===== Material for this task =====

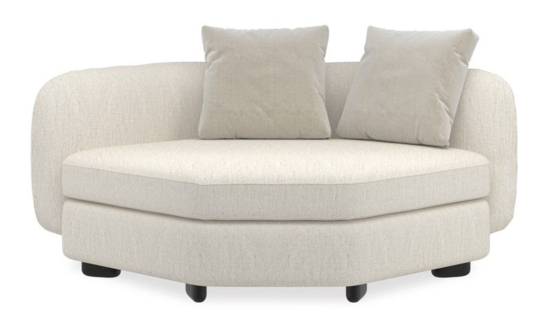 Product Description: Caracole UPH-424-WE2-A Lumi Wedge - The Lumi Wedge’s diamond shape is the perfect corner extender for the Lumi Sectional. You will want to sink into its ivory plushlystuffed seat. The back extends across the length of the piece. The body of the chaise is fully upholstered in a micro-ribbed linen blend, while two cushions feature an Ivory mohair and wool-blend velvet. The chair’s pegged feet pop from underneath in Almost Black.
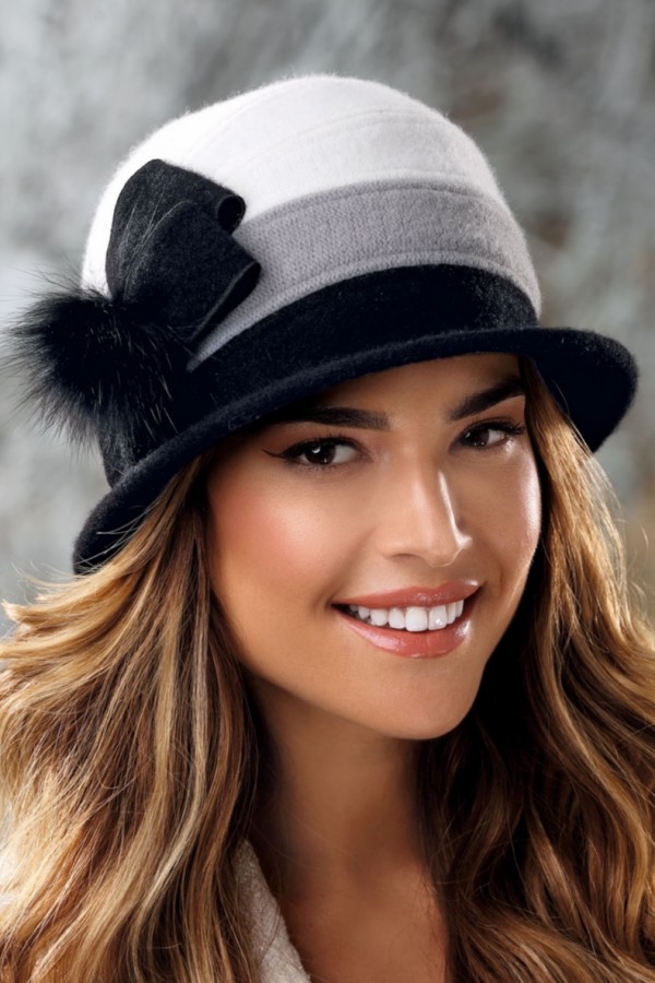 Designul este cu adevarat exceptional si impresionant. Printr-un joc subtil de culori si forme, modelul prezinta un bor mic, care accentueaza zona ochilor si iti subliniaza trasaturile faciale. Calota se distinge prin asocierea a trei culori, creand un contrast vizual placut, care adauga o nota de stil si unicitate oricarei tinute. In plus, un detaliu care distinge caciula de dama stil palarie WL11575 este fundita stilizata din lateral, care ii confera un aspect feminin si cochet. Completata de un puf din blanita naturala, fundita adauga un plus de stil. Cu aceasta piesa versatila in garderoba ta, vei putea sa adaugi cu usurinta un strop de eleganta oricarei tinute, fie ea casual sau sofisticata.
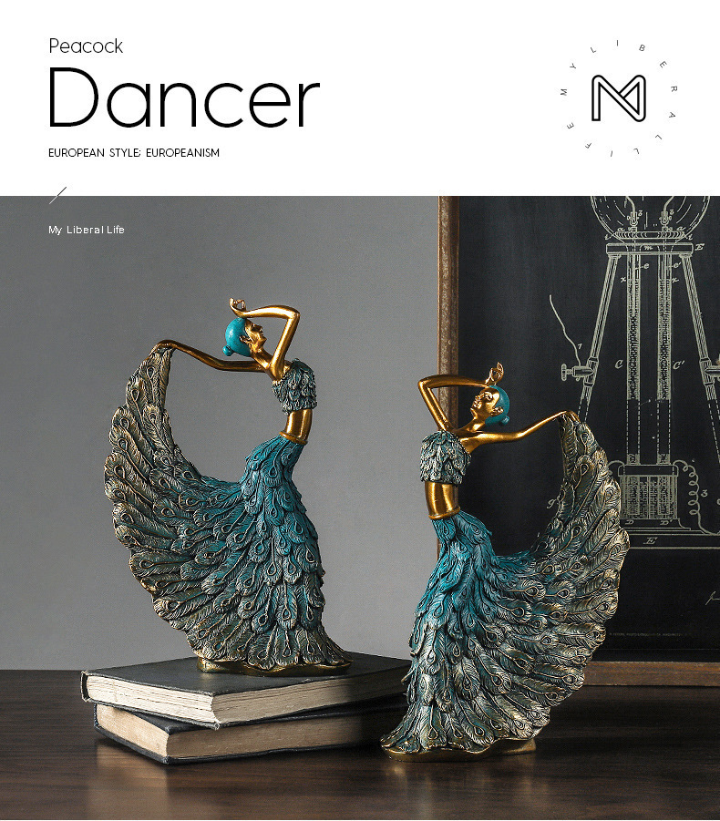 유럽 고전 창조적 인 공작 무용수 우아한 아름다움 공예 수지 장식품 홈 액세서리 웨딩 룸 장식
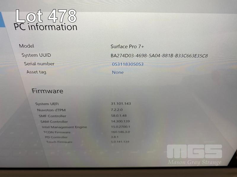TABLET PC, MICROSOFT SURFACE PRO 7+, MODEL 1961, CORE i5 1135G7 (11TH GEN) @ 2.4GHz, 16GB DDR4 RAM, 256GB NVMe M.2 SSD, 12.3" TOUCHSCREEN (2736x1824), INTEL IRIS Xe GRAPHICS, Wi-Fi, CELLULAR, BLUETOOTH, WINDOWS 11 PRO INSTALLED, KEYBOARD TYPE COVER, CASE & POWER SUPPLY S/N:053118305053
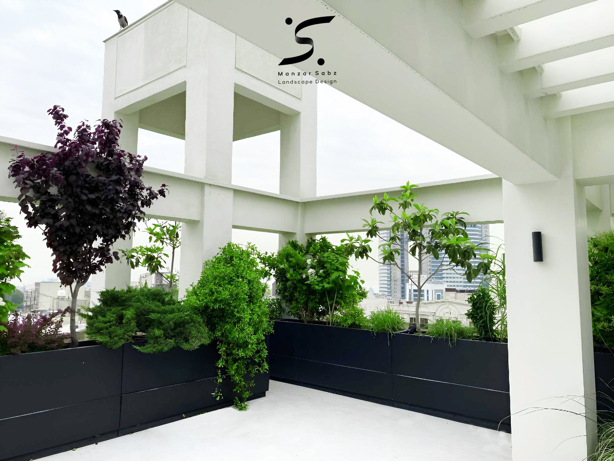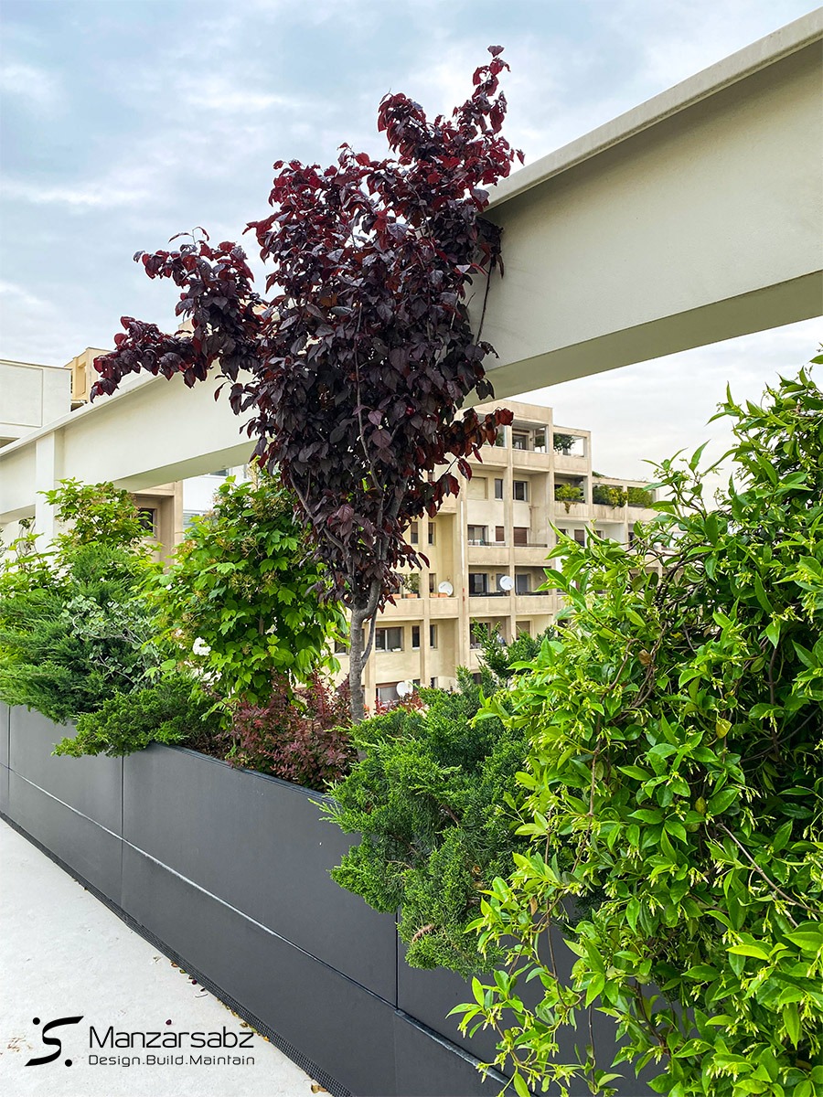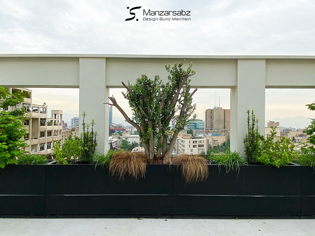 در این پروژه مطابق با طرح ارائه شده ، با استفاده از ورق فلزی فلاورباکس هایی با درب بازشو مطابق با بالکن کوچکتر دو سال پیش، تمامی فلاورباکس ها به منظور اندازه گذاری دقیق در محل پروژه ساخته شده و سپس برای اجرای رنگ کوره ای الکترو استاتیک به کوره رنگ منتقل و مجدد به محل پروژه انتقال داده شد. حساسیت کارفرما در اجرای باکس ها با اندازه های دقیق و رنگ ساده آنها که نمی بایست هیچ گونه موجی در نمای ورق ها نشان دهد، از چالش های اصلی این پروژه بود. در فضای داخلی فلاورباکس ها از چهار لایه ضد ریشه، ژئوتکستایل، ژئودرین و فیلتر خاک استفاده گردید و تمامی آنها دارای خروجی آب بوده که توسط لوله های پلی اتیلن به گاتر زیر باکس ها اتصال پیدا کرده اند. و به منظور دسترسی به سیستم لوله های زهکشی، در نمای فلاورباکس ها درب بازشو (که به آسانی باز و بسته می شود)، طراحی و اجرا گردید. در رابطه با پوشش گیاهی نیز با توجه به درخواست کارفرما مبنی برای استفاده از گونه های بسیار متنوع همیشه سبز و خزان کننده، پوشش گیاهی از درختچه ها و بوته های متنوع همچون یک باغ انتخاب و اجرا شد تا منظره ای تابستانی و زمستانی پدید آورد. برای آبیاری هم از سیستم آبیاری اتوماتیک با شیرهای برقی استفاده شد.

=====

### Goal of the exercise
All of the records above should be written out exactly, with the pictures left out.

### Result
 Product Description: Caracole UPH-424-WE2-A Lumi Wedge - The Lumi Wedge’s diamond shape is the perfect corner extender for the Lumi Sectional. You will want to sink into its ivory plushlystuffed seat. The back extends across the length of the piece. The body of the chaise is fully upholstered in a micro-ribbed linen blend, while two cushions feature an Ivory mohair and wool-blend velvet. The chair’s pegged feet pop from underneath in Almost Black.
 Designul este cu adevarat exceptional si impresionant. Printr-un joc subtil de culori si forme, modelul prezinta un bor mic, care accentueaza zona ochilor si iti subliniaza trasaturile faciale. Calota se distinge prin asocierea a trei culori, creand un contrast vizual placut, care adauga o nota de stil si unicitate oricarei tinute. In plus, un detaliu care distinge caciula de dama stil palarie WL11575 este fundita stilizata din lateral, care ii confera un aspect feminin si cochet. Completata de un puf din blanita naturala, fundita adauga un plus de stil. Cu aceasta piesa versatila in garderoba ta, vei putea sa adaugi cu usurinta un strop de eleganta oricarei tinute, fie ea casual sau sofisticata.
 유럽 고전 창조적 인 공작 무용수 우아한 아름다움 공예 수지 장식품 홈 액세서리 웨딩 룸 장식
TABLET PC, MICROSOFT SURFACE PRO 7+, MODEL 1961, CORE i5 1135G7 (11TH GEN) @ 2.4GHz, 16GB DDR4 RAM, 256GB NVMe M.2 SSD, 12.3" TOUCHSCREEN (2736x1824), INTEL IRIS Xe GRAPHICS, Wi-Fi, CELLULAR, BLUETOOTH, WINDOWS 11 PRO INSTALLED, KEYBOARD TYPE COVER, CASE & POWER SUPPLY S/N:053118305053
 در این پروژه مطابق با طرح ارائه شده ، با استفاده از ورق فلزی فلاورباکس هایی با درب بازشو مطابق با بالکن کوچکتر دو سال پیش، تمامی فلاورباکس ها به منظور اندازه گذاری دقیق در محل پروژه ساخته شده و سپس برای اجرای رنگ کوره ای الکترو استاتیک به کوره رنگ منتقل و مجدد به محل پروژه انتقال داده شد. حساسیت کارفرما در اجرای باکس ها با اندازه های دقیق و رنگ ساده آنها که نمی بایست هیچ گونه موجی در نمای ورق ها نشان دهد، از چالش های اصلی این پروژه بود. در فضای داخلی فلاورباکس ها از چهار لایه ضد ریشه، ژئوتکستایل، ژئودرین و فیلتر خاک استفاده گردید و تمامی آنها دارای خروجی آب بوده که توسط لوله های پلی اتیلن به گاتر زیر باکس ها اتصال پیدا کرده اند. و به منظور دسترسی به سیستم لوله های زهکشی، در نمای فلاورباکس ها درب بازشو (که به آسانی باز و بسته می شود)، طراحی و اجرا گردید. در رابطه با پوشش گیاهی نیز با توجه به درخواست کارفرما مبنی برای استفاده از گونه های بسیار متنوع همیشه سبز و خزان کننده، پوشش گیاهی از درختچه ها و بوته های متنوع همچون یک باغ انتخاب و اجرا شد تا منظره ای تابستانی و زمستانی پدید آورد. برای آبیاری هم از سیستم آبیاری اتوماتیک با شیرهای برقی استفاده شد.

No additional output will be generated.